On April 15th Jorge was officially free.  Unfortunately he didn't get to walk through the prison gates and into my open arms.  Instead he was handcuffed, taken to "the hole" solitary confinement, and left for a few days till he was transported to Ft Stewart Detention Center in Ga.  There he got the disappointing news he wasn't going to be deported the last monday of April and would have to wait another month to be transported out the last Monday of May.  My first call from him after that transfer broke my heart.  On the 15th we talked before he was placed in confinement and he was soooo upbeat and happy and talking about being free and his heart was so full of joy.  "It's over," he kept saying over and over on the 15th.  On the 19th, he felt as if he'd just started a whole new sentence.  The disappointment in his heart, tore at me.   I had cried for days around the 15th full of anger and grief that he wasn't being released to spend his birthday a free man.  On the 19th, he was feeling my previous feelings and it was my turn to be encouraging and lift his spirit.  I was so grateful to be able to be there for him when he needed lifted up.  I immediately mailed him cards and letters sprayed with perfume to help get him through the next few weeks.

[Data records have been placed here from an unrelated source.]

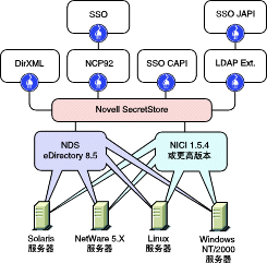 NSSO 2.1 在 Solaris*、Linux*、NetWare 5.x 和 Windows 2000/NT 上运行。
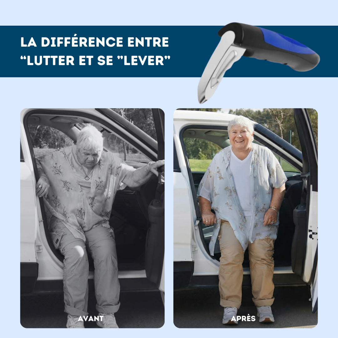 Ne demandez plus jamais une main tendue. Passez de l'effort gênant à un mouvement fluide et indépendant. Une solution discrète qui se range en un clin d'œil dans votre portière.
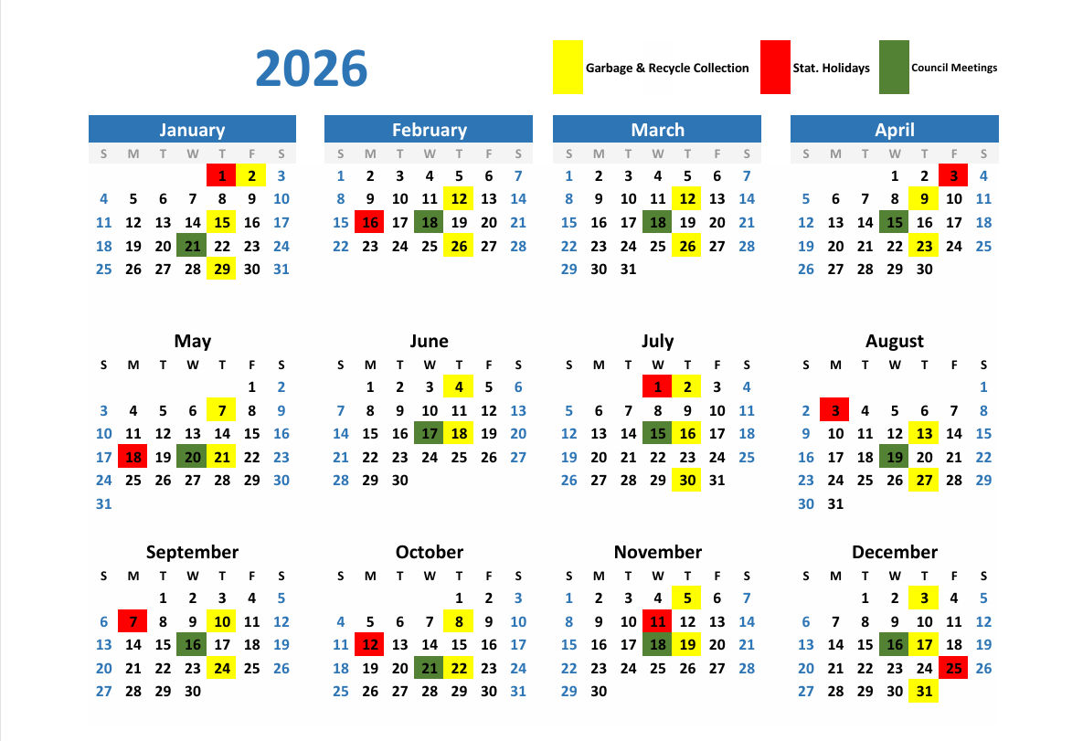 Please have your Blue Box at your garbage stand on the morning of pickup. Cardboard can still be placed in the bins located north of the Car Wash.
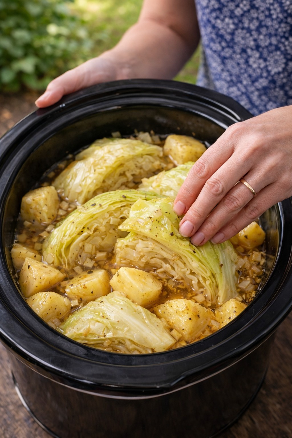 - Layer Ingredients: Place potatoes at the bottom of the slow cooker, followed by cabbage wedges.
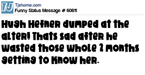 X is Hugh Hefner dumped at the alter! Thats sad after he wasted those whole 2 months getting to know her.
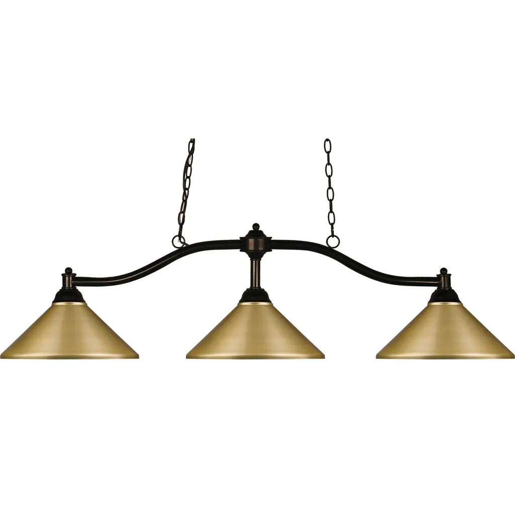 Simple yet versatile detailing defines this beautiful three light fixture. Finished in bronze and paired with satin gold metal shades, this three light fixture would be equally at home in the game room, or anywhere else in the house needing a touch of timeless charm.72 inches of chain per side is included to ensure the perfect hanging height. Game Room/Dining Room/Kitchen/Kitchenette Shade Included: Yes Cord Length: 110.00 Dimmable: Yes
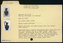 | Description: | Handle missing (restored) and small chips from lip; otherwise intact. Spreading foot, slender egg-shaped body; tall neck set off from trefoil lip by a light ridge. Band of tongues, alternating black and purple, below neck; double band of purple on body just below shoulder, and single one just above foot. Two rivet holes at lower handle attachment, show an ancient break. Rather dull black glaze except under foot. | |
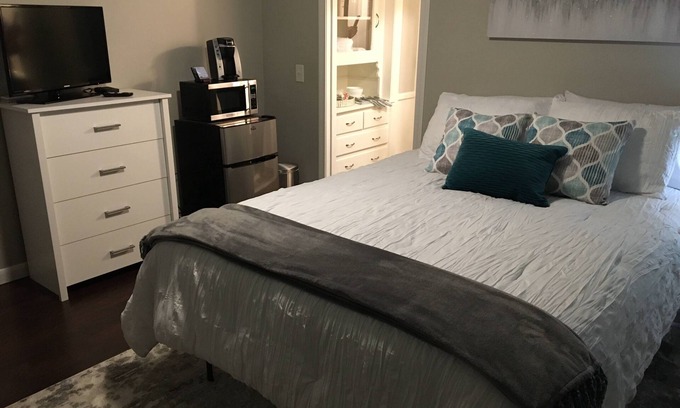 Welcome To The State Room! This clean, quiet, recently updated private en-suite room is just where you want to spend your vacation, with all amenities at your fingertips! You will have your own private entrance with a coded lock & free on-street parking. There is a mini-fridge/freezer, microwave and Keurig machine right in your suite for your convenience. This location is just (3) blocks to downtown & (4) blocks to the water/Independence Park.
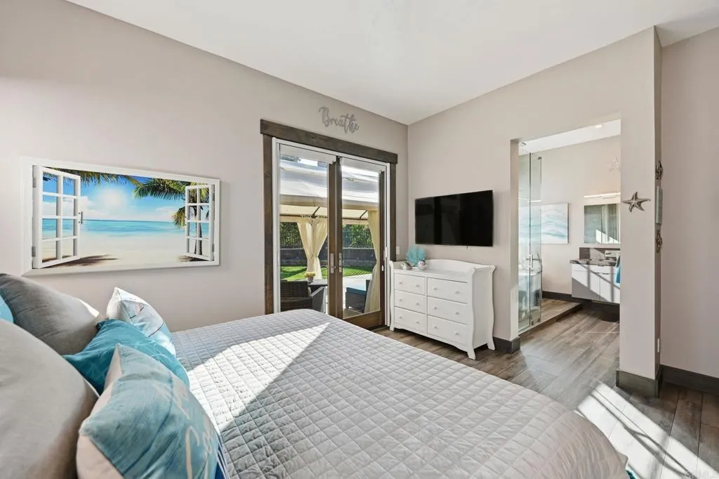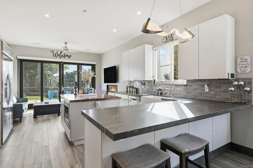 Experience the ultimate coastal California lifestyle in this stunning, fully furnished 3-bedroom, 2-bathroom home, just one mile from the beach. Designed for comfort and style, this home features a spacious primary suite plus two additional queen bedrooms (or a two-bedroom plus office option), all with ample closet space, including a walk-in closet with custom shelving. With high ceilings, ceiling fans, and five large flat screen TVs, the home is both airy and tech-savvy, complete with central air/heat, high-speed WiFi, and an EV charger. Enjoy a private garage gym, one-car garage parking, and an open-concept kitchen with modern stainless steel appliances, making it perfect for both relaxation and remote work. The private backyard oasis, overlooks the Encinitas Ranch Golf Course. Whether youre hosting a barbecue or lounging by one of the multiple fire pits, this space is designed for enjoyment. The backyard also features a covered lounge area, outdoor dining, and plenty of space for yard games and entertainment, all with expansive golf course and sunset views. This modern retreat is the perfect coastal escape, offering a luxurious and comfortable space for families, friends, or remote workers.
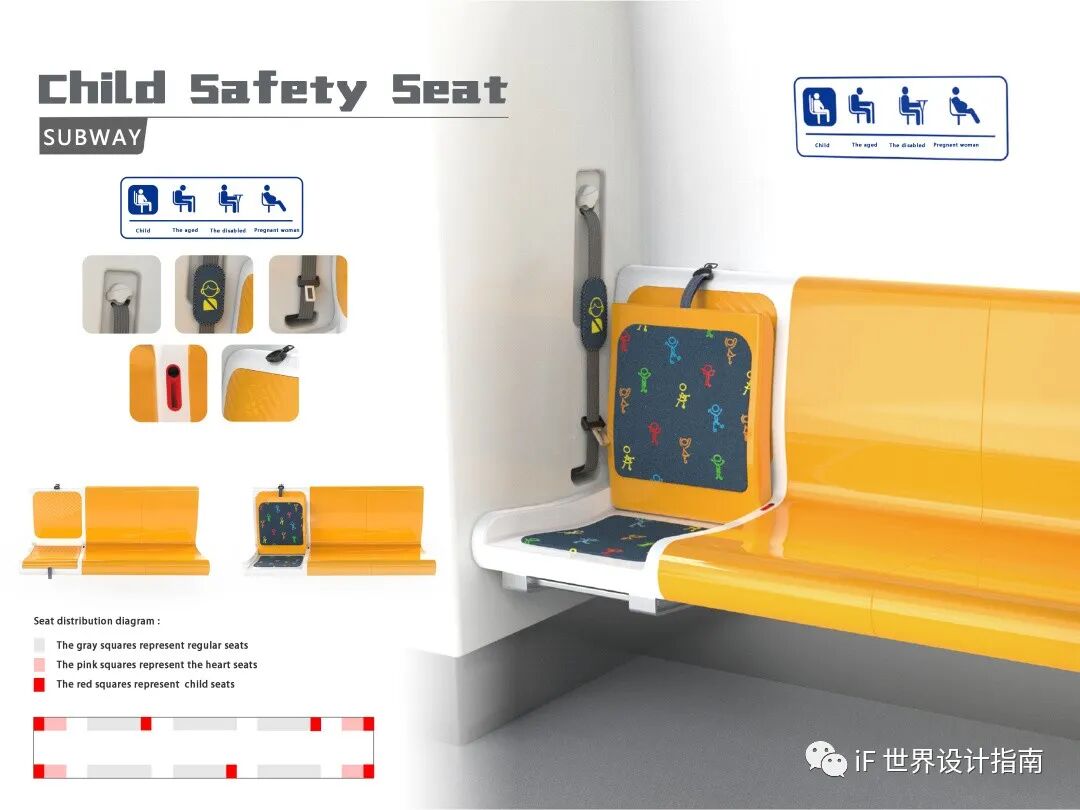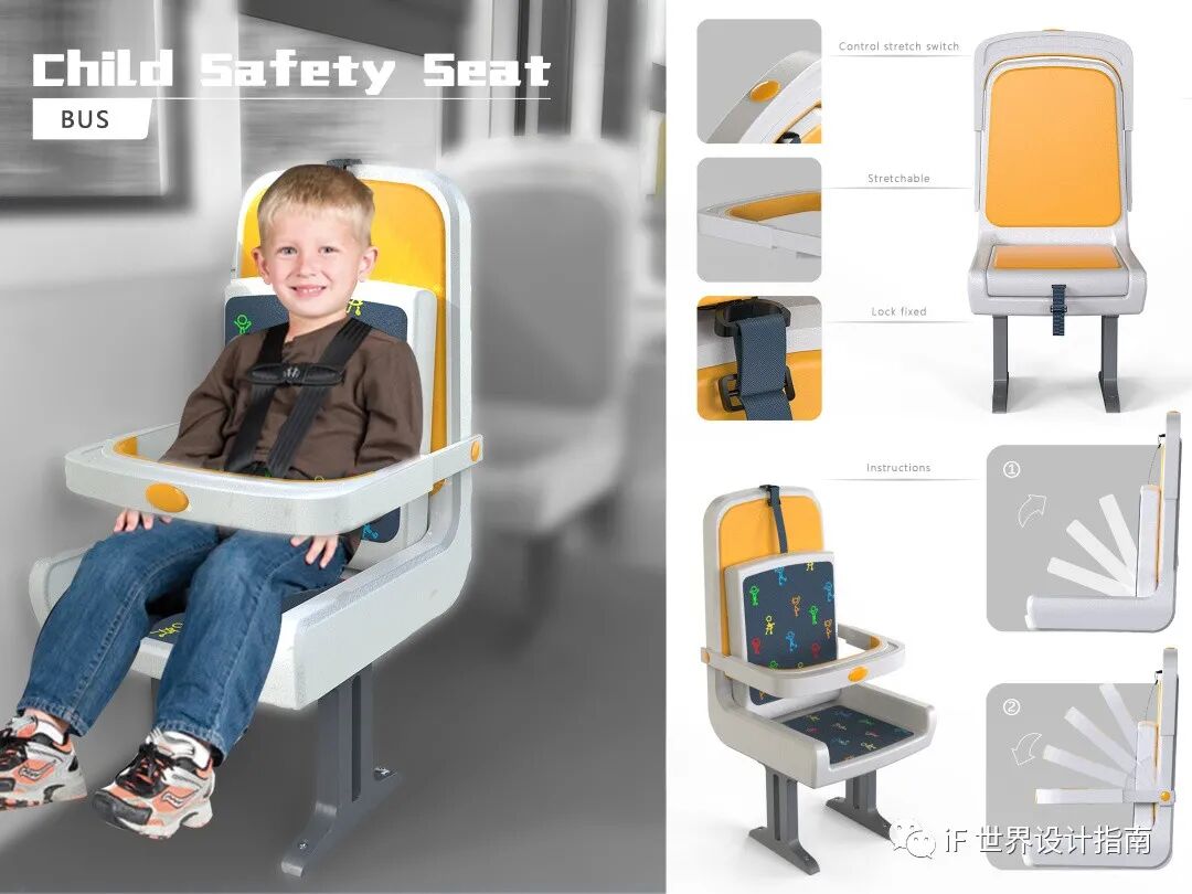 一项调查发现,4 至 12 岁的儿童在使用公共交通座椅时存在重大安全隐患。最大的问题是座椅大小不合适;它们对孩子来说太大了,存在滑倒或跌落的严重风险,特别是在紧急情况下。为了解决这个问题,设计师仿照现有的公共汽车和地铁座椅创造出一种创新设计,操作简单,儿童可以独立上下,保证了儿童在公共交通工具上的舒适和安全。

It's almost 2 weeks passed since that disappointed phone call.  Every day brings Jorge closer and closer to his flight home to Cali Colombia and I follow him.  A few short weeks till I wrap my arms around him and kiss him and hold him and no one can ever come between us again.  A few short weeks to begin our great adventure together.  In prison Jorge shared his heart and his love of Christ and made an amazing impact on many lives.  Once he is free, look out Devil!  Jorge is going to be a force to reckon with, and the impact he will make on the hearts and lives of his fellow Colombians spreading Christ love and message.  I am so excited to be a part of this great new adventure!  Thank you Jesus for giving me such an amazing husband and opportunity to see you move in the world.